Дионисий хотел спросить, как же он живет без всей этой необходимости, однако сдержался и лишь огорченно вздохнул.
Молодой человек покосился на Лебединского, тоже вздохнул, захлопнул книгу и нажал на замочек портфеля. Все это сделал молча, хмуря брови, не глядя на соседа.
Достал из портфеля сверток, положил его на скамью и подвинул к соседу. Внезапно поднялся, проворчал: «Честь имею…» — и ушел медленно и сердито.
Дионисий посмотрел ему в спину, обескураженно пожал плечами: в это гиблое время, кажется, никто никому не верит!

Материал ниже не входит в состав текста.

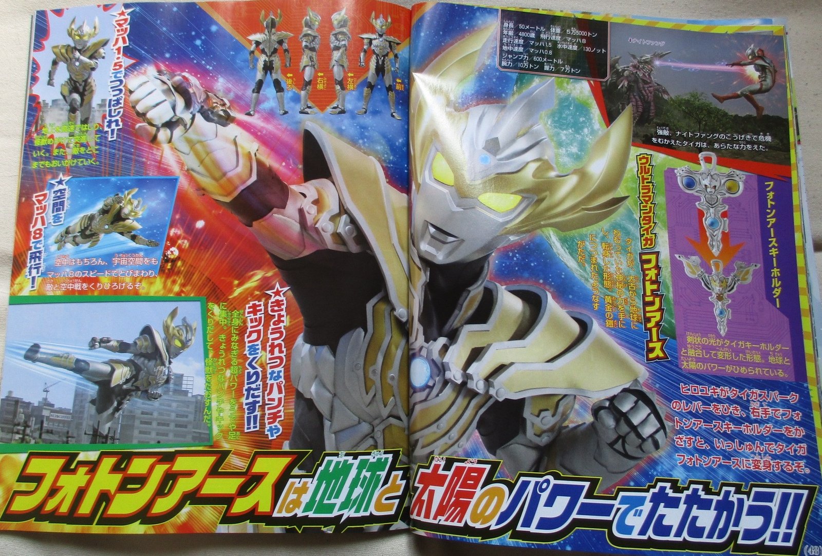 Thanks to the Photon Earth Keyholder, Taiga will evolve into Taiga Photon Earth. Thanks to this powerful form, he can fire the mighty Aurum Strium beam. His running speed is at mach 1.5 and his flying speed is at mach 8.

Когда человек в черном скрылся, Лебединский торопливо развернул сверток и весело присвистнул: в газете были фунт-полтора свежего серого хлеба, кусок соленого сала и яйцо.
Наголодавшийся продотрядовец сел спиной к пешеходной дорожке, чтоб его лицо не видели люди, если будут проходить мимо, — отломил краюшку и вонзил в нее белые зубы.
«Буржуй… непременно, буржуй… — думал он о странном благодетеле. — Нынче лишь у буржуев такой харч».
Лебединский был сильно голоден, и кусочек хлеба мало насытил его. Поколебавшись, снова развернул газету, отщипнул еще немного, отрезал перочинным ножом тонкий ломтик сала.
Он уже поднес эту малость ко рту, когда ощутил на спине чей-то взгляд, мгновенно подумал, что, может быть, иноземцы, — и резко обернулся.
В двух шагах стоял мальчишка лет одиннадцати, огневолосый, весь в конопушках. На нем были надеты чужие рубаха и картуз, на босых ногах замечались цыпки. Он смотрел на Дионисия и глотал слюну.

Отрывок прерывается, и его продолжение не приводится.